If this option is set,
-- the connector will recursive all
files under the directory
-- of `path` option
Best,
Yu Chen
[1]
https://nightlies.apache.org/flink/flink-docs-release-1.18/docs/connectors/table/filesystem/
________________________________
发件人: arjun s <[email protected]>
发送时间: 2023年11月6日 20:50
收件人: [email protected] <[email protected]>
主题: Handling Schema Variability and Applying Regex Patterns in Flink Job
Configuration
Hi team,
I'm currently utilizing the Table API function within my Flink job, with the
objective of reading records from CSV files located in a source directory. To
obtain the file names, I'm creating a table and specifying the schema using the
Table API in Flink. Consequently, when the schema matches, my Flink job
successfully submits and executes as intended.
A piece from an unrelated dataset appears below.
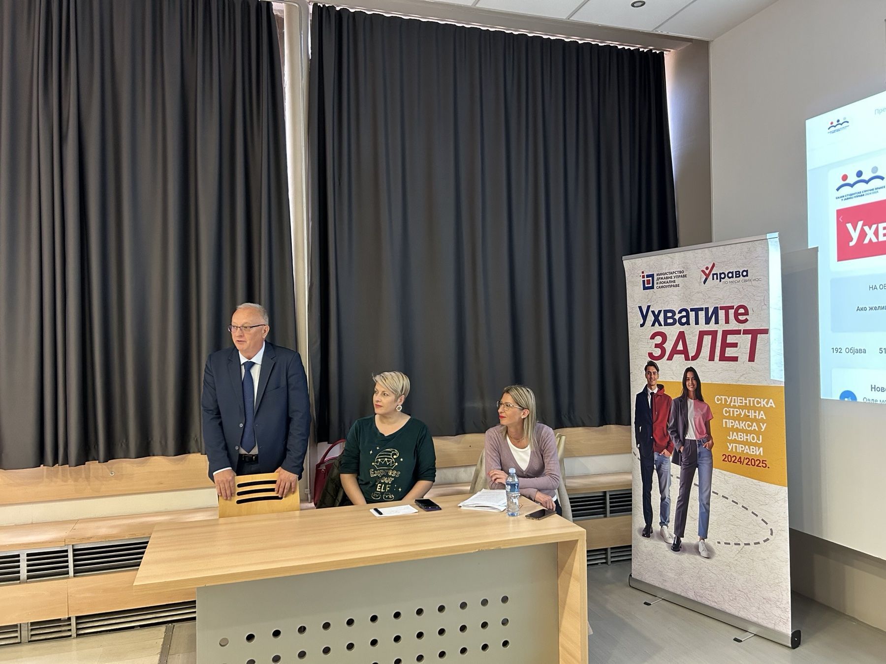 Трибином на Грађевинско-архитектонском факултету Универзитета у Нишу, наставили смо са промоцијом студентске стручне праксе у јавној управи 24/25 године. О приликама које им се нуде кроз стручну праксу у јавној управи у академској 2024/2025. години, са студентима су разговарали представници Министарства државне управе и локалне самоуправе, Градске управе града Ниша, Грађевинско-архитектонског факултета и Универзитета у Нишу.
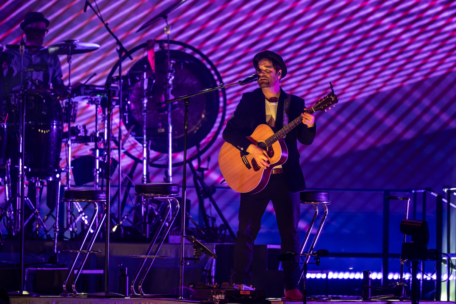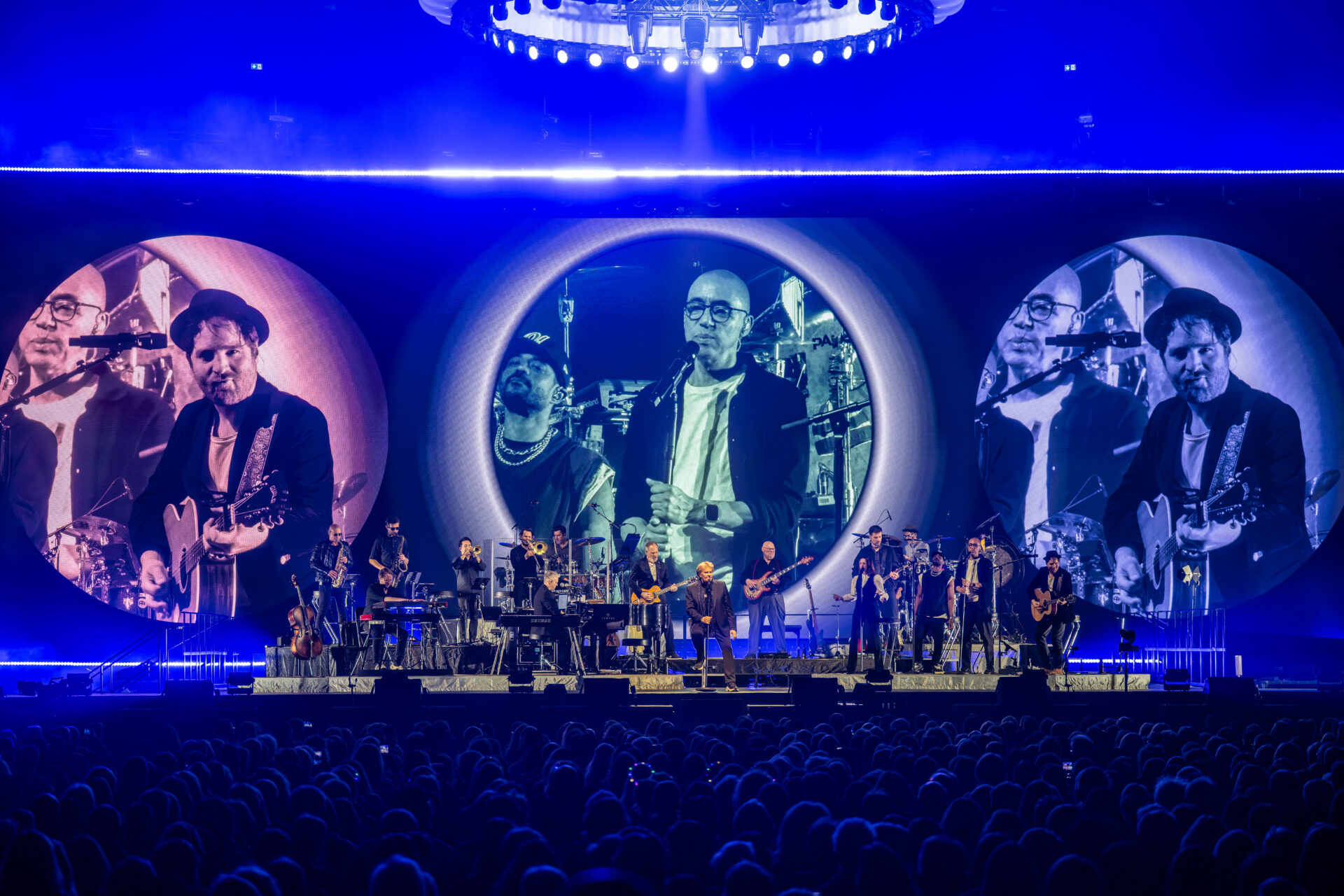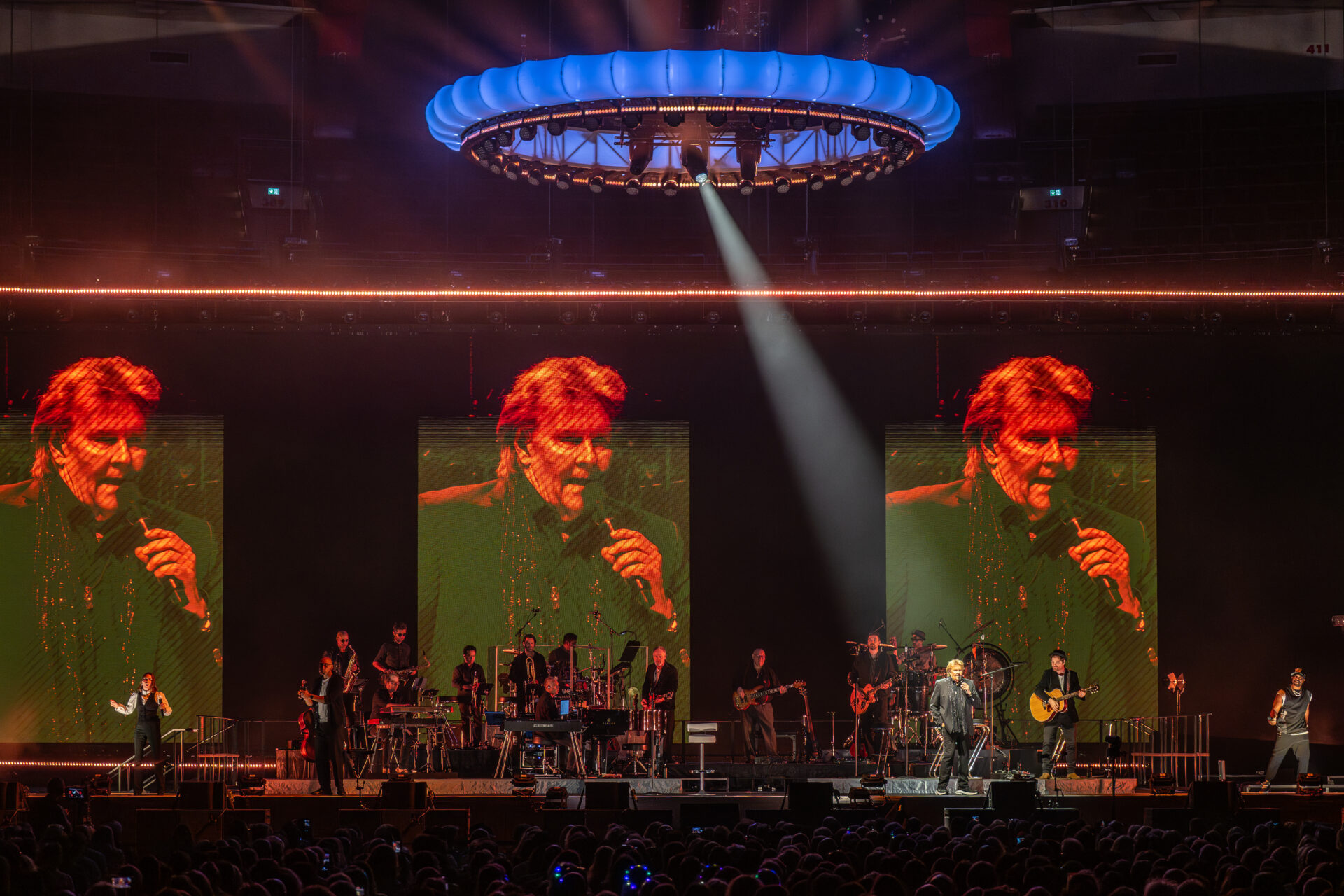Mit „Let’s Do It Again“ startet ein ganz besonderer Abend. Carpendale – ganz in Schwarz, mit Glitzerschal und Sneakers – wirkt zugleich elegant und nahbar. Eine große LED-Wand zeigt Livebilder, das durchdachte Lichtkonzept begleitet das gesamte Konzert: Der Sänger warm und hell im Fokus, die Band in farbiges Licht getaucht – eine Bühne mit beeindruckender Tiefe.

However, in cases where the
schema does not match, the job fails to submit. Given that the schema of the
files in the source directory is unpredictable, I'm seeking a method to handle
this situation.
Create table query
=============
CREATE TABLE sample (col1 STRING,col2 STRING,col3 STRING,col4 STRING,file.path`
STRING NOT NULL METADATA) WITH ('connector' = 'filesystem','path' =
'file:///home/techuser/inputdata','format' = 'csv','source.monitor-interval' =
'10000')
=============
Furthermore, I have a question about whether there's a way to read files from
the source directory based on a specific regex pattern. This is relevant in our
situation because only file names that match a particular pattern need to be
processed by the Flink job.
Thanks and Regards,
Arjun